-- Archbishop Oscar Romero (1917-1980)
Increasingly, United States foreign and domestic policies are determined by a relative handful of cynical bourgeois, some of whom are not even US Americans. Their malevolence is exceeded only by their avarice.
True to their deceitful natures, the moneyed elite have contrived the “War on Terror” as an attack on those bold enough to violently oppose their enslavement. Yes, the latest campaign to enforce Pax Americana is simply a new front in the “War on the Poor and Oppressed.” Humanity has been embroiled in an epic struggle between the pecunious and impoverished since it developed agriculture, abandoned nomadism, and began the acquisition of wealth. Industrialization, consumerism, materialism, debt slavery, wage slavery, hyper-competitiveness, egocentrism, and the myriad of ills spawned by American Capitalism have catapulted the plutocracy into the stratosphere in terms of wealth and power. They are not about to quietly relinquish their ill-gotten spoils.
Despite the deepening misery and increasing numbers of indigent human beings, our corporate masters and their loyal propagandists assure us that the class wars are over. After all, the collapse of the Soviet Union and China’s rush to embrace “free markets” “prove” that Socialism and Communism are utopian failures. The United States and the countries it has conquered (sorry, that’s liberated), are meritocracies. For those of you in rags, riches are just around the corner. Simply get off your lazy posteriors and apply a little elbow grease. Such tripe rolls easily off the tongues of those pulling down six, seven or eight figure incomes, people who nestle safely within the confines of their gated communities and rest upon the comfortable support of their inherited or plundered fortunes.
Yet far from having ended, thanks to the tireless efforts of Goldwater, Buckley, Nixon, Reagan, Cheney, Bush, and a host of other neo-fascists, the enduring socioeconomic struggle has reached a fever pitch.

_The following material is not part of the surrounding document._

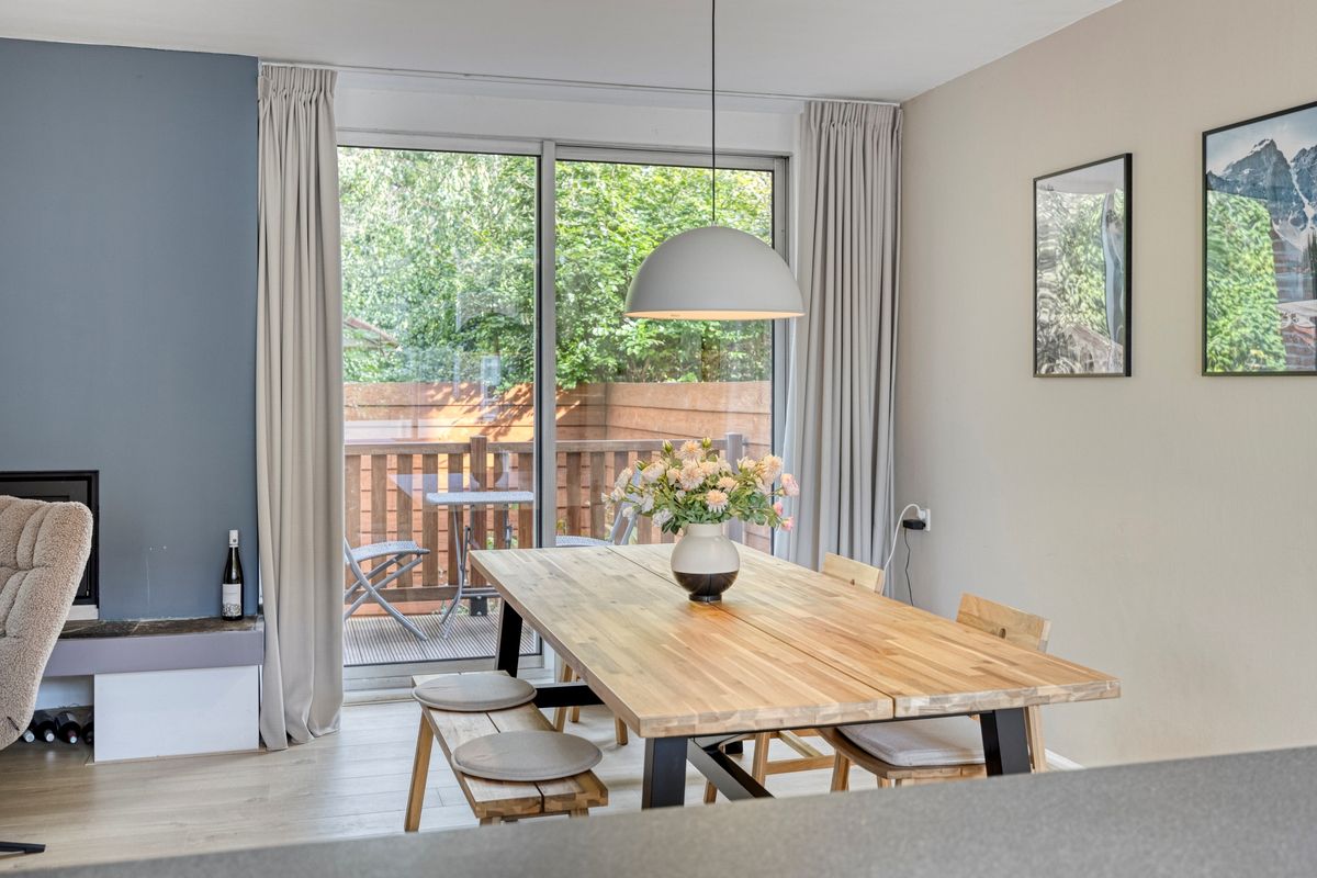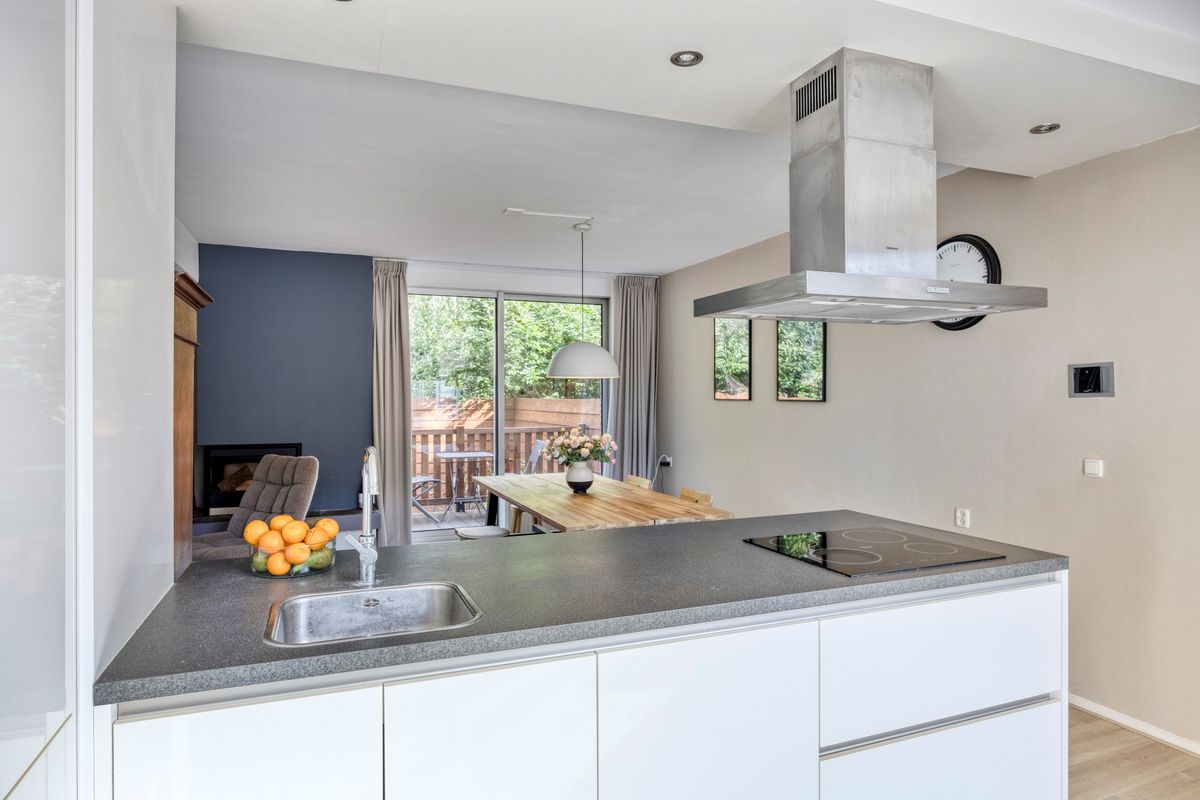 Vervolgens betreedt u de lichte woonkamer, die dankzij de ramen rondom en de open indeling een zeer prettige leefruimte vormt. Hier is genoeg ruimte om een comfortabele zithoek in te richten en gasten te ontvangen. De sfeervolle haard is de eyecatcher van de ruimte, terwijl de tuindeur directe verbinding biedt met de zonnige achtertuin.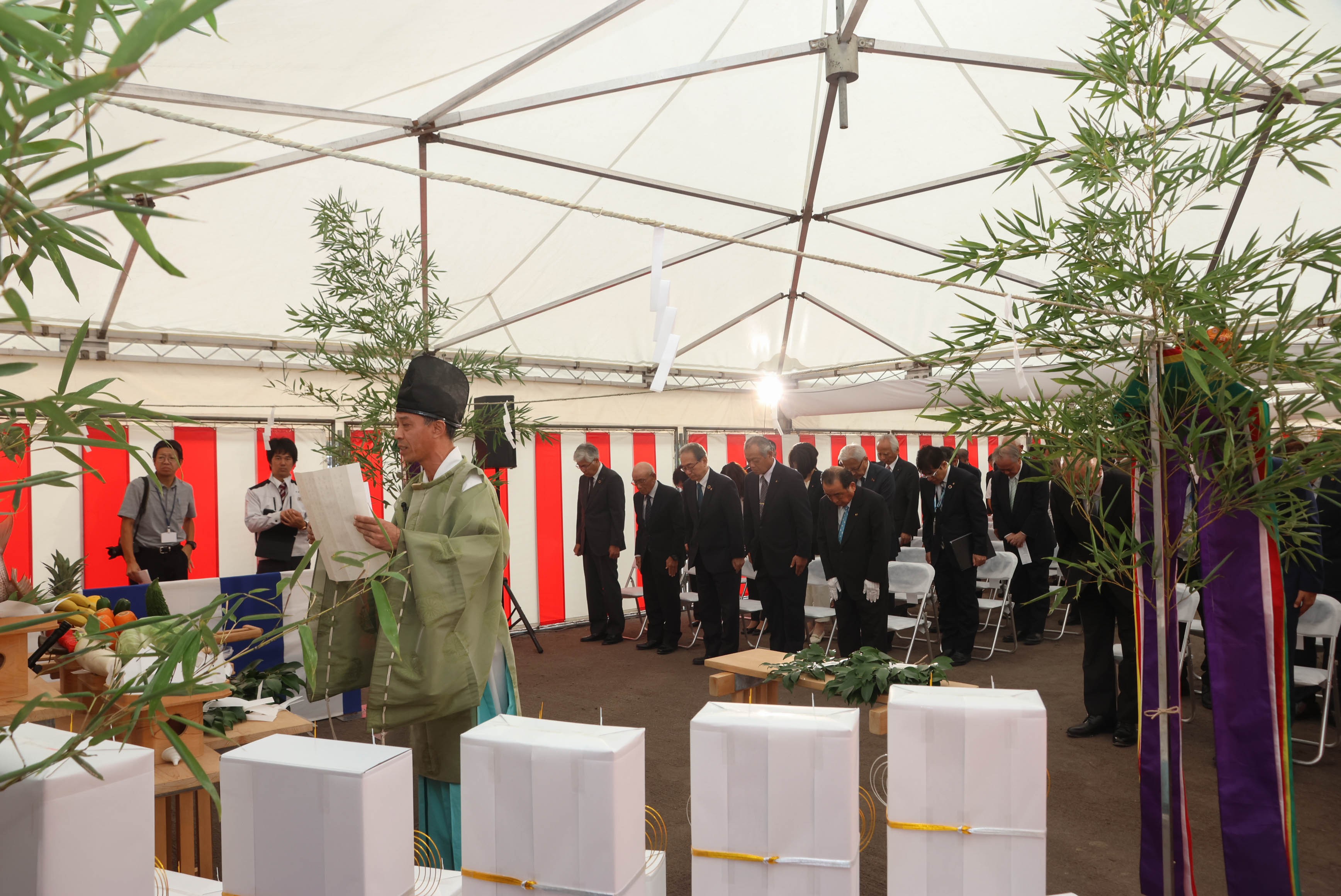 (仮称)教育行政棟新築工事における安全祈願祭が執り行われ、関係者約100人が参列し、新築工事の安全や円滑な進行を祈願しました。

Tragically, the ruling elite have utilized their formidable agitprop to beguile the confused masses into believing that our depraved system’s victims (and their champions) are the enemy.
Consider:
In stark contrast to George Bush, a man responsible for the deaths of a million or more Iraqis and Afghanistanis plus thousands of Americans in New Orleans and Iraq, Hugo Chavez has no blood on his hands. And Chavez, a man who has mitigated the suffering of millions of people, is the “threat”.
Resistance fighters battling to expel an imperialist foreign occupier which has been waging genocide against the Iraqi people since the Gulf War are “terrorists”. The invading hordes are hailed as “liberators”.
Ridiculously out-gunned and out-financed Palestinian groups like Hamas, which resort to violence in a desperate attempt to counter brutal Zionist ethnic cleansing, Apartheid, occupation, and colonization, commit “acts of terror” when they kill Israeli civilians. Conversely, Israeli IDF forces are “fully justified” when they commit murder on a much wider scale because they are “defending Israel’s right to exist”.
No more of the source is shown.